Start of EXERCISE MATERIALS
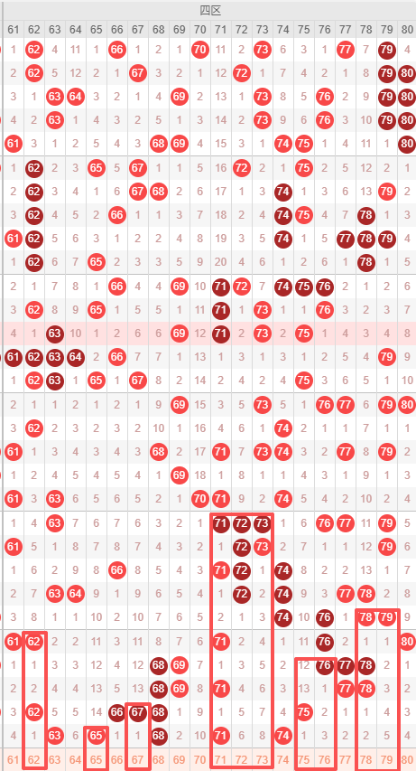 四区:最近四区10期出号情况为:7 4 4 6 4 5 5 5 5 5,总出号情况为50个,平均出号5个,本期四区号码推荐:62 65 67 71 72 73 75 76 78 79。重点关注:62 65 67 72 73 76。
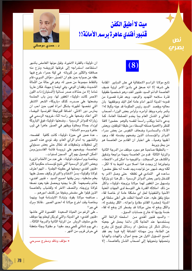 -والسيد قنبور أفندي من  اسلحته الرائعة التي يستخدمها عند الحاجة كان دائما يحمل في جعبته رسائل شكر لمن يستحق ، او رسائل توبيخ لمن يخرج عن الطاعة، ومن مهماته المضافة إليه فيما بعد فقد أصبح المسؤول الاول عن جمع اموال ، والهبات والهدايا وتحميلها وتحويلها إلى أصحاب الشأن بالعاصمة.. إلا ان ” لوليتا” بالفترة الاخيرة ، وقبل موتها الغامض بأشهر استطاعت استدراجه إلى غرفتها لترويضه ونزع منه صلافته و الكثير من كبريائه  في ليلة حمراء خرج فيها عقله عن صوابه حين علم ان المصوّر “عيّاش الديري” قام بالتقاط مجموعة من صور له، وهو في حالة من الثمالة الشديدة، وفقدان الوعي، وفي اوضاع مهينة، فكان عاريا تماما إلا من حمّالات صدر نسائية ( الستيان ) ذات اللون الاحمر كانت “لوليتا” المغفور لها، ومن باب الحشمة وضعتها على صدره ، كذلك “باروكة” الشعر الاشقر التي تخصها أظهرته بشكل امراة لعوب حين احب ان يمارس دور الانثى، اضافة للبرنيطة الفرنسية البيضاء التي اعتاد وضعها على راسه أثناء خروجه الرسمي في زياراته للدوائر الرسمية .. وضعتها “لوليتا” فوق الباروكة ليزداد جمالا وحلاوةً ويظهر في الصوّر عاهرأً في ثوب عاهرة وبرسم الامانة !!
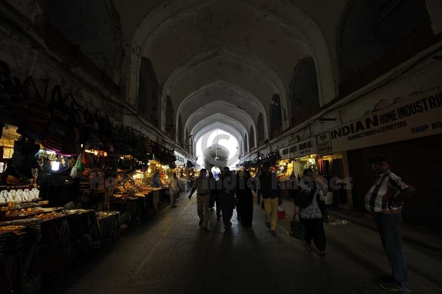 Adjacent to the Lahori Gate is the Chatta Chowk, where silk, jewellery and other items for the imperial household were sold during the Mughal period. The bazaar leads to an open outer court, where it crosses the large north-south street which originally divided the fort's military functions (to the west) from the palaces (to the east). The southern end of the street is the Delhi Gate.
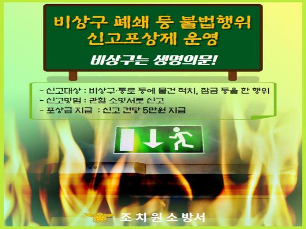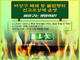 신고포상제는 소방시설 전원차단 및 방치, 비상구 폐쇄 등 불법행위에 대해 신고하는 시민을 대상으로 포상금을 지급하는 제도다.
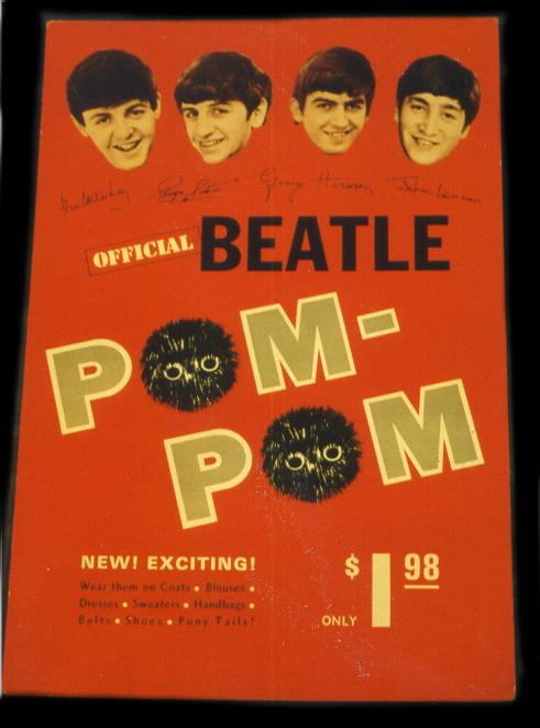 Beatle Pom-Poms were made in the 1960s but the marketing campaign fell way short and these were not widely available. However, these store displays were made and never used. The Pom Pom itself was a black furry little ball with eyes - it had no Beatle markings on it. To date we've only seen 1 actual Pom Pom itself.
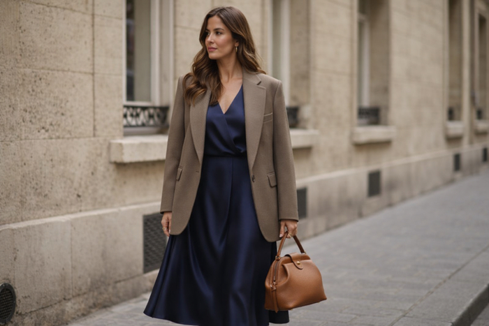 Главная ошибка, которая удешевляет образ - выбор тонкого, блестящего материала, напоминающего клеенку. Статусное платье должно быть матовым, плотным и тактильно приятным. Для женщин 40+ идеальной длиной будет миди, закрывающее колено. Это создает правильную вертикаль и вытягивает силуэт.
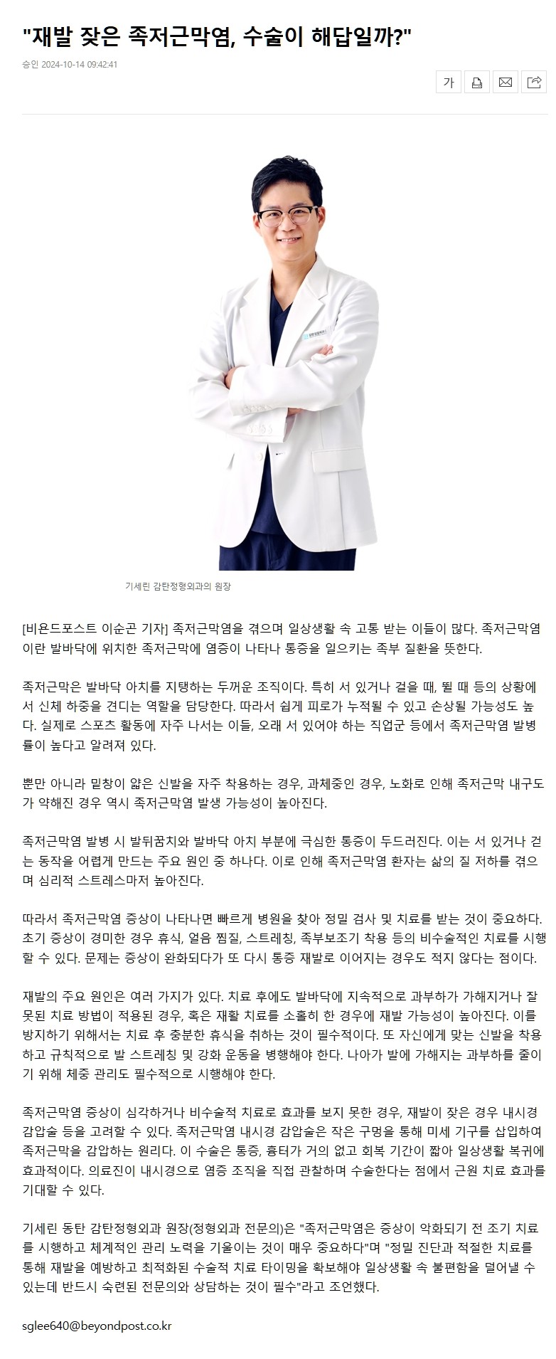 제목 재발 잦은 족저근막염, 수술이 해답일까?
End of EXERCISE MATERIALS
Start of EXERCISE MATERIALS
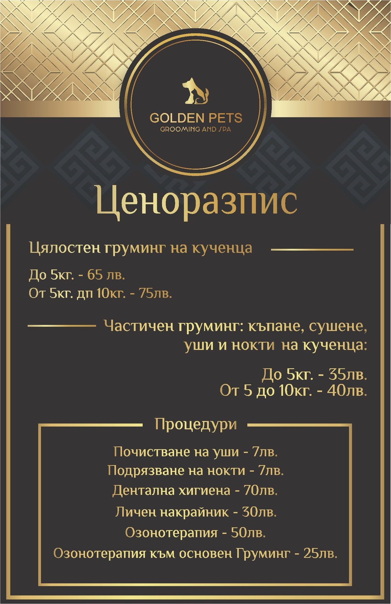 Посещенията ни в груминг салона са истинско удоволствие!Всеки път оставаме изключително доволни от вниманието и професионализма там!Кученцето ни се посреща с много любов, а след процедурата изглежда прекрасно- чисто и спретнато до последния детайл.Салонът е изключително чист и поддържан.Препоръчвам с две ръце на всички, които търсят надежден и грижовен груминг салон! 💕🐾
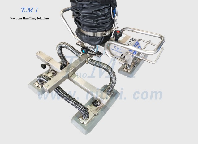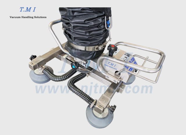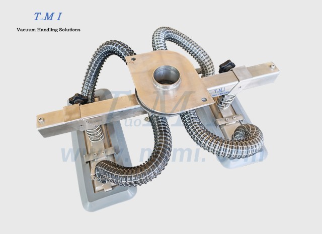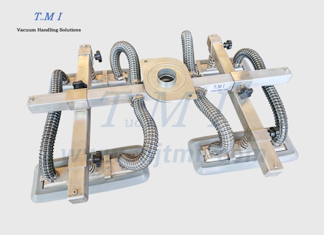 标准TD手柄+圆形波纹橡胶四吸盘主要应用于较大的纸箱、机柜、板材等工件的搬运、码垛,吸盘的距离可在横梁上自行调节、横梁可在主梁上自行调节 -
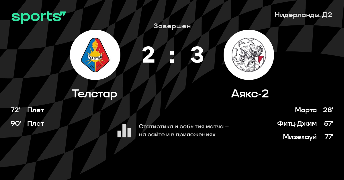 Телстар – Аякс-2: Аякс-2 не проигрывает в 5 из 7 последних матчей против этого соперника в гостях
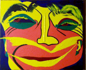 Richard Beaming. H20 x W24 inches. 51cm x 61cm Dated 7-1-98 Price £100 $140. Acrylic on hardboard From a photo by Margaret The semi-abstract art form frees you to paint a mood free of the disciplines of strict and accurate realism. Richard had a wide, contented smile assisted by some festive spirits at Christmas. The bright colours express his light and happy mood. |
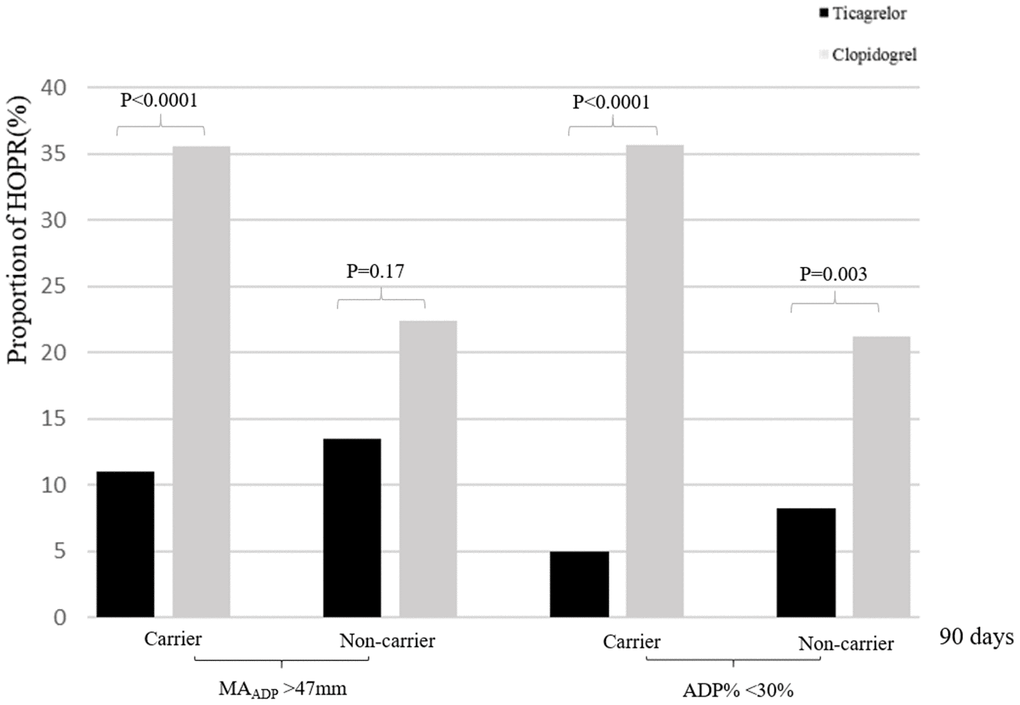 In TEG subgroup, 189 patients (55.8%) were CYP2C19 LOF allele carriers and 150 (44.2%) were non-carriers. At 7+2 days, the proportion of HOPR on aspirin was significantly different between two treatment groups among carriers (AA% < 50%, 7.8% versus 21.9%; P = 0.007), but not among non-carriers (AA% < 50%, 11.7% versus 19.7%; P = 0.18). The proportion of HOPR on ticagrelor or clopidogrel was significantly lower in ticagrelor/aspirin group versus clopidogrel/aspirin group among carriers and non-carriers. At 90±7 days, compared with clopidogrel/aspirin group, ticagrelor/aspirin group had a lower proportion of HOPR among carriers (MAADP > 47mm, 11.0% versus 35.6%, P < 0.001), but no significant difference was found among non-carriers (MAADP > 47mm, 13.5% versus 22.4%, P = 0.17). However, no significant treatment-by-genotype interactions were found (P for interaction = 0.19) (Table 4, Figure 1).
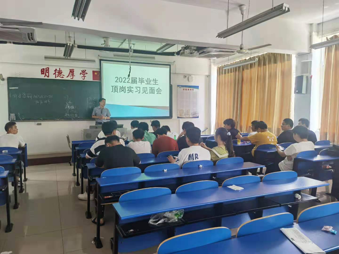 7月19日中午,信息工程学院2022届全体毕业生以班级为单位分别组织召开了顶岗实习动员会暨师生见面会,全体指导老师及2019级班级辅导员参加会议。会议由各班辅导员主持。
End of EXERCISE MATERIALS
Reproduce exactly the lines above that run from the one with "신고포상제는 소방시설 전원차단" to the one with "제목 재발 잦은 족저근막염, 수술이 해답일까?", both included, leaving pictures out.

- _WRITTEN ANSWER_
 신고포상제는 소방시설 전원차단 및 방치, 비상구 폐쇄 등 불법행위에 대해 신고하는 시민을 대상으로 포상금을 지급하는 제도다.
 Beatle Pom-Poms were made in the 1960s but the marketing campaign fell way short and these were not widely available. However, these store displays were made and never used. The Pom Pom itself was a black furry little ball with eyes - it had no Beatle markings on it. To date we've only seen 1 actual Pom Pom itself.
 Главная ошибка, которая удешевляет образ - выбор тонкого, блестящего материала, напоминающего клеенку. Статусное платье должно быть матовым, плотным и тактильно приятным. Для женщин 40+ идеальной длиной будет миди, закрывающее колено. Это создает правильную вертикаль и вытягивает силуэт.
 제목 재발 잦은 족저근막염, 수술이 해답일까?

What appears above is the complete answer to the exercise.